I refuse to ski but still had the time of my life in the Dolomites

By | January 6, 2024

Maddy Mussen on ‘ski’ holiday (Evening Standard)

I’ll be honest, the idea of ​​skiing has never excited me. I know it’s not very classy and so it’s something I often keep to myself, just like I don’t like eating mollusks (you can be classy and cultured and not like a clam! You can do it!).

I skied once when I was 11, and although my mom insists I was good at it, I have no memory of it – nor do I remember enjoying it – so I think that’s probably a lie. For all intents and purposes, I never planned to ski again. But if you love the mountains like I do, or dream of a cold, snow-filled escape like me, your antipathy towards skiing puts you in a pretty sad situation.
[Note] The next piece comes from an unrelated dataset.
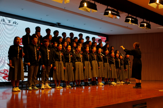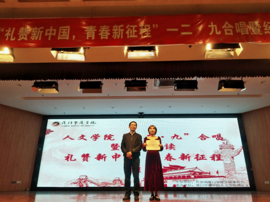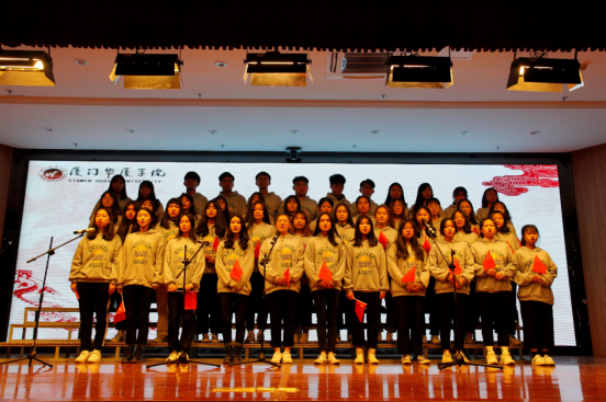 一首红歌,记录一段峥嵘岁月;一篇经典,象征一面光辉旗帜。比赛一开始,19级商务英语高职2班的同学们用一首《歌唱祖国》点燃了慷慨报国的凌云壮志,气势磅礴的合唱声博得了现场观众的阵阵热烈掌声;18级商务英语本科3班的同学们凭借歌曲《我和2035有个约》,唱出了青年学子对祖国未来充满希望的美好心声;19级网络与新媒体2班以一首婉转悠扬的《我和我的祖国》,表达了新青年对祖国的由衷热爱;18级网络与新媒体1班演唱的《南泥湾》,仿佛带我们回忆起那段峥嵘的革命岁月;18级商务英语本科1班以一首《晴天》,道出乌云散开之后遇见阳光的心境;19级网络与新媒体2班的朗诵《少年中国说》,他们雄壮有力的声音,展现出华厦学子昂扬向上的精神风貌;19级视觉传达设计2班朗诵广为传唱的《沁园春·长沙》,同学们铿锵有力的诵读声感染着整个比赛现场。比赛期间,台上的同学们热情洋溢、精神饱满、声音洪亮;指挥员手势准确,富有激情;台下观众掌声不断,一次次将比赛推向高潮。

There’s an obvious rock and hard place joke here, but I won’t do that.

Dolomites and nearby Hotel Sassongher (Hotel Sassongher)Dolomites and nearby Hotel Sassongher (Hotel Sassongher)

Dolomites and nearby Hotel Sassongher (Hotel Sassongher)

In my age group, it often feels like you have to choose between two holidays: a hot holiday or a ski holiday. Other cold places (Copenhagen, Reykjavík, etc.) are either extremely expensive or slightly explosive at this point. Moreover, these are city holidays. If you want a proper tundra, people will expect you to wear your salopettes.

But what if… you didn’t? It’s a question I’m searching for an answer to as I board the first SkyAlps flight from London Stansted to Bolzano, a small airport in northern Italy that, as of December, gives Londoners closer access to some of the Dolomites’ best ski destinations. SkyAlps has been operating since 2021, taking skiers to Bolzano from various airports in Europe, but Brits have had to wait until now to join the deal.

Unlike the greyscale Alps, the Dolomites have a distinctly yellow, sun-kissed hue even when not exposed to sunset (Hotel Sassongher)Unlike the greyscale Alps, the Dolomites have a distinctly yellow, sun-kissed hue even when not exposed to sunset (Hotel Sassongher)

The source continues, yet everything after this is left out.